# What you should do
With pictures excluded, repeat exactly the lines from the one containing "The soccer word" through the last line of the material below.

# Available records
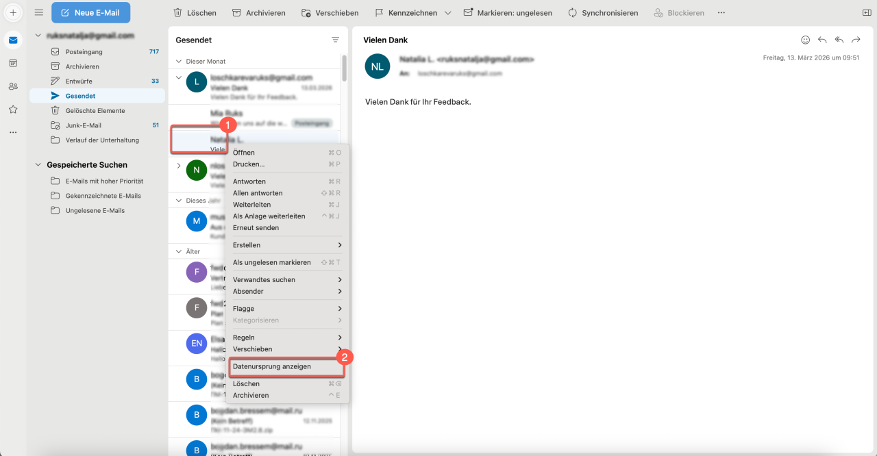 1. Klicken Sie mit der rechten Maustaste auf die benötigte E-Mail.
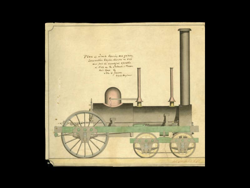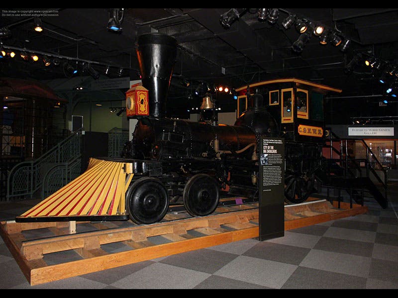 John Bloomfield Jervis, an American engineer, was born Dec. 14, 1795. Jervis was multi-talented, contributing to mechanical engineering, civil engineering and, through his estate, public education. Jervis became chief engineer for the Mohawk and Hudson Railroad in 1827, before there was a single mile of track in America. After the Liverpool and Manchester Railway was launched in England in 1830 (the first public railroad anywhere), Jervis imported one of their locomotives to the U.S., but found it was too heavy and could not negotiate the tight turns of American right-of-way. So he designed and built his own engine, called the Experiment. The novelty of his engine was in the mounting of the wheels; he cut the drive wheels down from four (on two axles) to two (on one axle), and he added a swivel four-wheel truck at the front to lead the locomotive around curves. It was the first 4-2-0 locomotive ever, and it served as the prototype for most American engines for decades, because it could negotiate just about any track. We see above Jervis’s original drawing for his 4-2-0 (first image), and a photo of a historic 4-2-0 (built in 1837, imitating Jervis) that is in the Chicago Museum of History (second image).
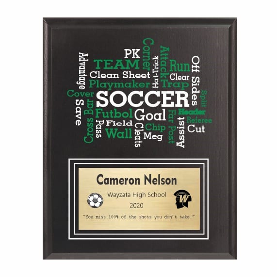 The soccer word cloud is printed in on our high quality UV printer, which produces a textured result. Thus, if you run your finger over the design you can feel the raised lines and details of the words. This plaque also has amazing color. For that reason, it will be proudly displayed and treasured by the recipient.
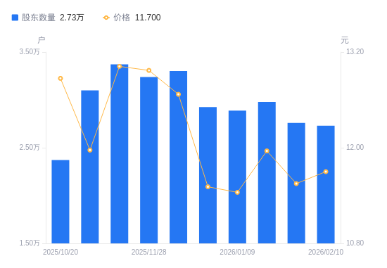 2月12日消息,数据显示,截至2026年2月10日,京能热力A股股东总户数为2.73万户,较上期(2026年1月30日)减少295户,降幅1.07%。公司最新A股总股本为2.64亿股,其中流通A股2.03亿股,户均持有流通A股数量为7428.88股,较上期增加79.43股,增幅1.08%;户均持流通A股市值8.69万元,较上期增加2031.73元,增幅2.39%。
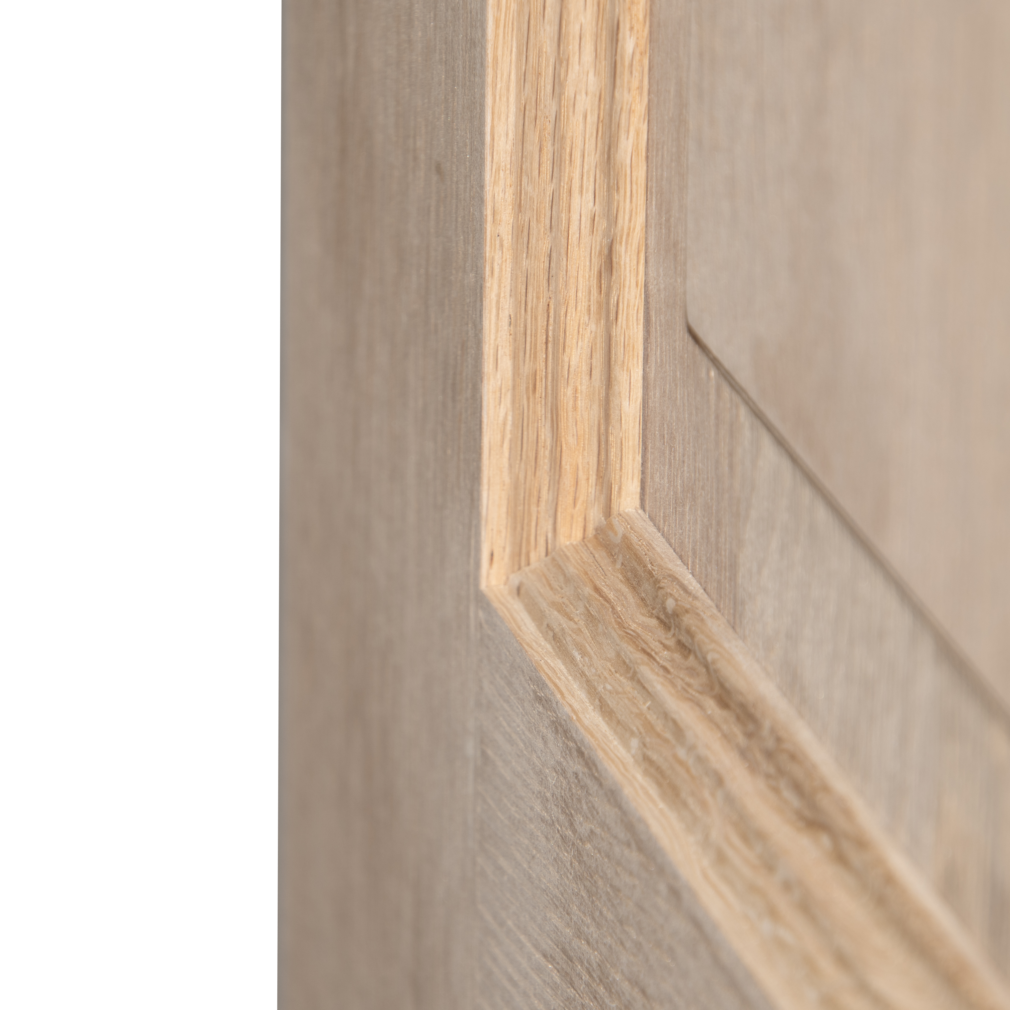 De panelen zijn massief samengestelde eik. De mouluren en kantlatten zijn gemaakt van massief eik.

# Solved problem
 The soccer word cloud is printed in on our high quality UV printer, which produces a textured result. Thus, if you run your finger over the design you can feel the raised lines and details of the words. This plaque also has amazing color. For that reason, it will be proudly displayed and treasured by the recipient.
 2月12日消息,数据显示,截至2026年2月10日,京能热力A股股东总户数为2.73万户,较上期(2026年1月30日)减少295户,降幅1.07%。公司最新A股总股本为2.64亿股,其中流通A股2.03亿股,户均持有流通A股数量为7428.88股,较上期增加79.43股,增幅1.08%;户均持流通A股市值8.69万元,较上期增加2031.73元,增幅2.39%。
 De panelen zijn massief samengestelde eik. De mouluren en kantlatten zijn gemaakt van massief eik.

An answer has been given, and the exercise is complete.